Posting Date: October 19, 2009
Students observe rare martial arts demonstration at Kennesaw State
By Scott Singleton
Photos by Scott Singleton
Four internationally renowned martial arts experts performed on campus in a demonstration of a unique art from Kerala, South India known as "kalarippayattu." In a workshop that included both lecture and performance, Gurukkal Sathyan, Rajan Nair, Raam Ravikumar and Balakrishnan Hari demonstrated their practiced art of kalarippayattu and allowed students to experience impressive martial arts along with the values and traditions of South Indian culture.
The artists have an impressive amount of experience in international performance with multiple visits to Russia, China, Japan, Italy and France. This was their first visit to the United States, and they also performed in N. Y. and Calif. Sandra Saldanha, instructor of theatre and performance studies, trained with two of the artists years ago and heard of their visit to the United States. With the help and enthusiasm of Ivan Pulinkala, director of the KSU Dance Program, and Karen Robinson, associate professor in theatre and performance studies, Saldanha arranged for the artists to visit KSU.
Kalarippayattu is an art that combines both meaning and tradition with every movement. According to Saldanha, “The deep serpentine movements of kalarippayattu are reflected in many traditional art forms of the region. The form is composed of postures taken from the movements of animals, kicks, jumps, and leaps performed in sequences.” Despite the constant movement, one of the goals of kalarippayattu remains a unique quality of stillness that allows the “whole body to become an eye.”
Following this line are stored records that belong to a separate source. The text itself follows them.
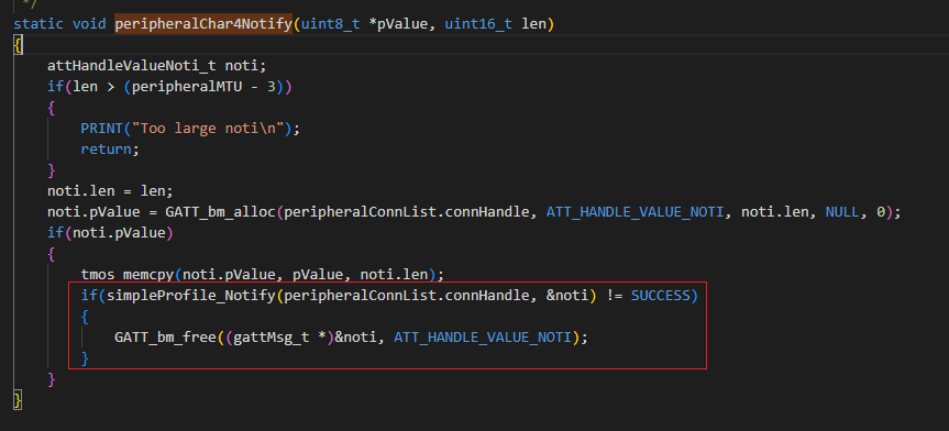 示例中还给我们提供了一个发送 Notify 的函数simpleProfile_Notify 。
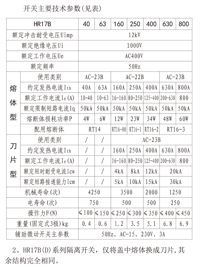 HR17B系列熔断器式隔离开关(以下简称开关),适用于交流50Hz、额定电压400V,约定发热电流至800A的具有高短路电流的配电电路和电动机电路中,用作手动不频繁操作的电源开关、隔离开关和应急开关,并作电路短路保护之用,但一般不作为直接开闭单台电动机之用。
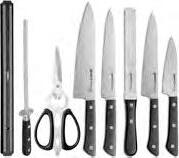 Set noževa Harakiri 8/1, visokokvalitetni nerđajući čelik. Set se sastoji od 5 profesionalnih noževa - nož šefa kuhinje 20,8 cm, nož za tranžiranje 19,6 cm, višenamenski nož 10 cm, nož za hleb 18 cm, univerzalni nož 15 cm, kuhinjskih makaza, oštraača i zidnog magneta (44870024/02; 37240050/01)
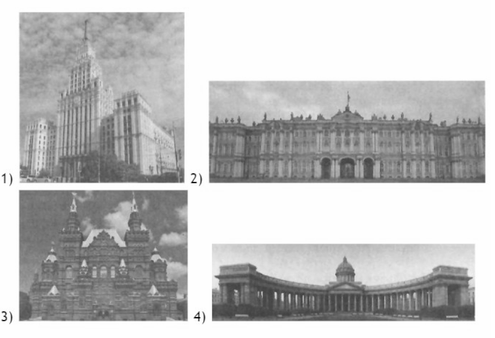 Какой из представленных ниже памятников архитектуры был создан в период жизни исторического деятеля, изображенного на марке? В ответе запишите цифру, которой обозначен этот памятник архитектуры. Укажите город, в котором находится данный памятник архитектуры.
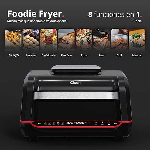 • 8 funciones en 1: Air Fryer, Hornear, Deshidratar, Panificar, Pizza, Asar, Grill, Manual.
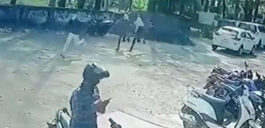 Jabalpur (Madhya Pradesh): A few masked assailants allegedly waylaid a school bus, attacked the driver and conductor with knives in Jabalpur on Thursday. The entire incident was captured on CCTV cameras. The footage shows the attackers, with faces covered in white cloth, fleeing the spot.
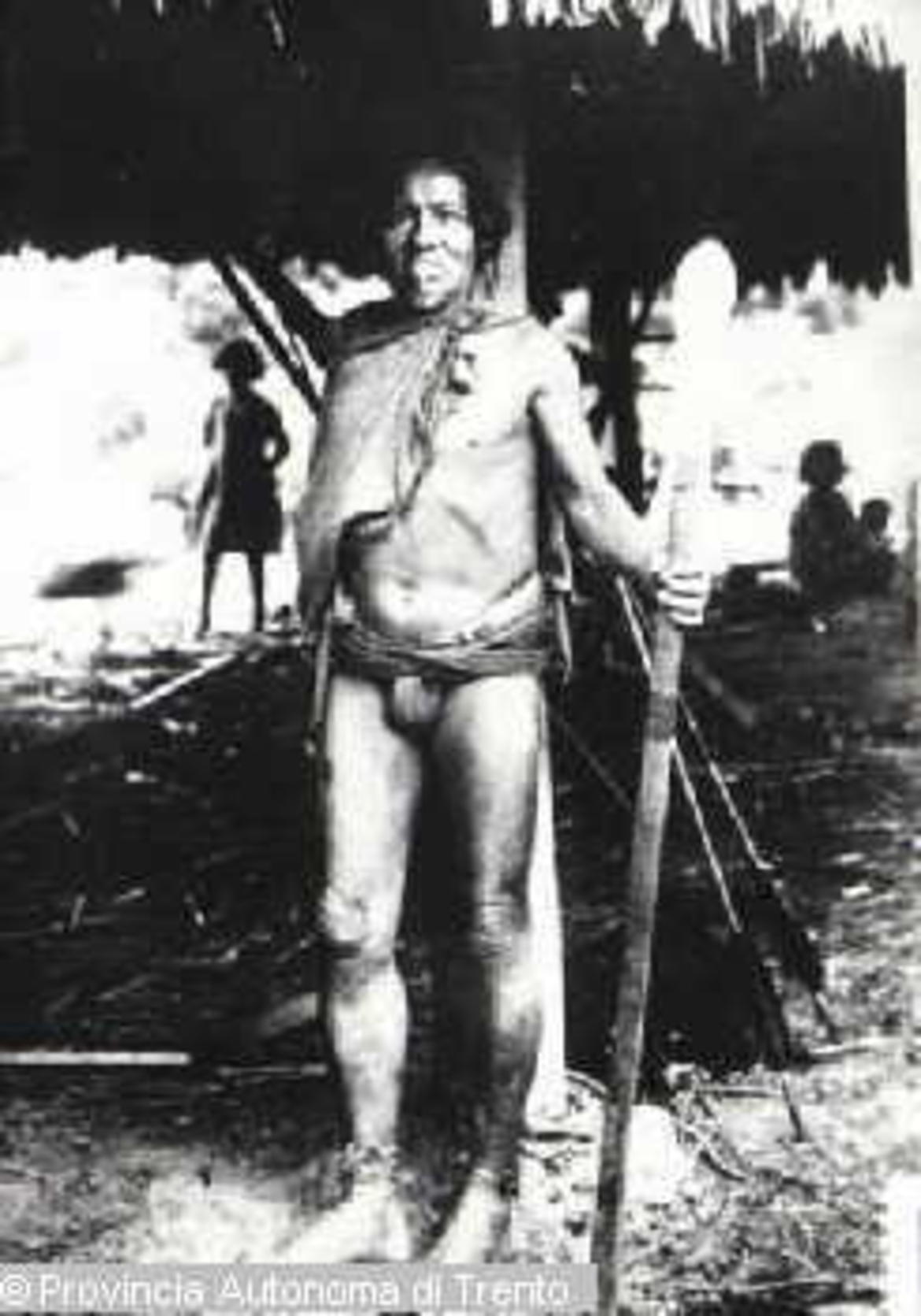 (BRASILE). RITRATTO A FIGURA INTERA DI UN INDIGENO PRESSO UNA CAPANNA. 1930 CA.
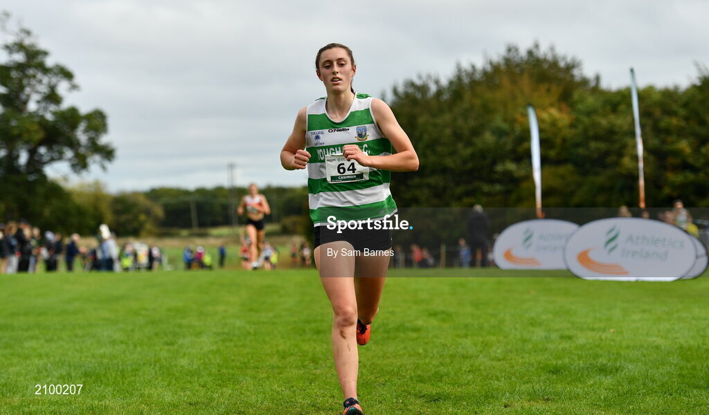 17 October 2021; Avril Cashman of Youghal AC, Cork, competing in the Junior Women's 4500m during the Autumn Open International Cross Country at the Sport Ireland Campus in Dublin. Photo by Sam Barnes/Sportsfile
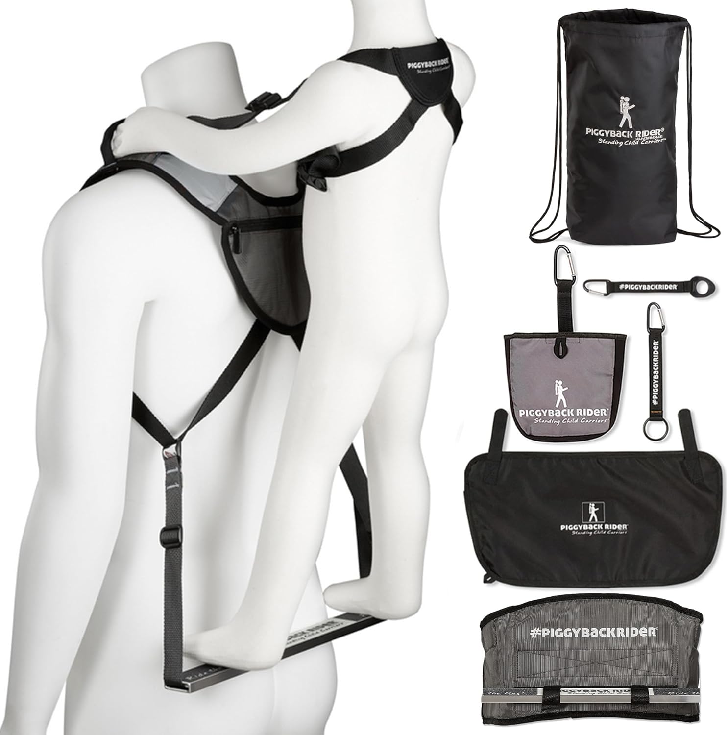 - Carry Comfortably: Create memories and share laughter with our child backpack carrier. Our piggy back carrier's weight distribution shifts the load to your shoulders. For extra back support with children over 25 lbs, try our hip belt accessory.
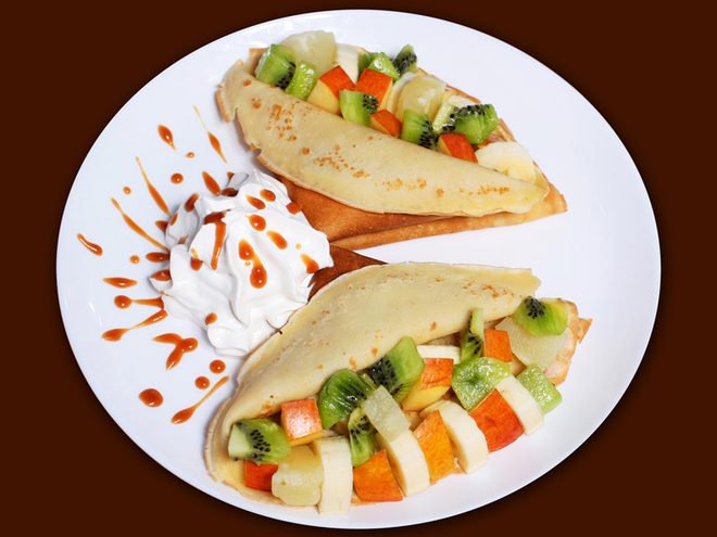 На край блина выкладываем много однородной и плотной начинки (творожный крем, взбитые сливки, суфле). Затем аккуратно сворачиваем блин по кругу, как будто делаем кулек из бумаги.
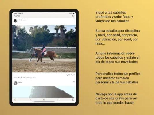 Follow your favorite horses. Search by specialty, level, location, age ... Upload photos and videos of your horses and give them visibility.If you like horses, what are you waiting to be at Luxequus!

During the demonstration, students observed the ease and grace with which the artists handled the weapons, and several students noted the way the weapons functioned as an extension of their bodies. One of the primary reasons for this observation remains the way the artists kept their eyes deeply locked on each other during the weapons work. Never moving their gaze to the weapons being used, the artist’s attention always remained on the other as they expertly wielded their weapons. On this, Lauren Winecoff, theatre and performance studies major, noted that the “artists' control of their bodies with weapons was remarkable.”
Sean Haley and Andrew Puckett, both theatre and performance studies majors, also commented on the unique blend of combat and tradition. Sean described the demonstration as “terrifyingly beautiful” and noted that it was “a chance to witness something you will not get to witness anywhere else, unless you go to India.” Andrew, along with many other students, enjoyed the process of watching the “dichotomy of the master and student” as the master continued to refine the movements of the student during the demonstration.
Focusing on the other aspect of the demonstration, Samantha Bonilla, theatre and performance studies major, says, “Most would say their favorite part was watching the combat, but for me it was not only the discussion, which enriched your look on the Indian culture, but also the steps which lead to the art itself.”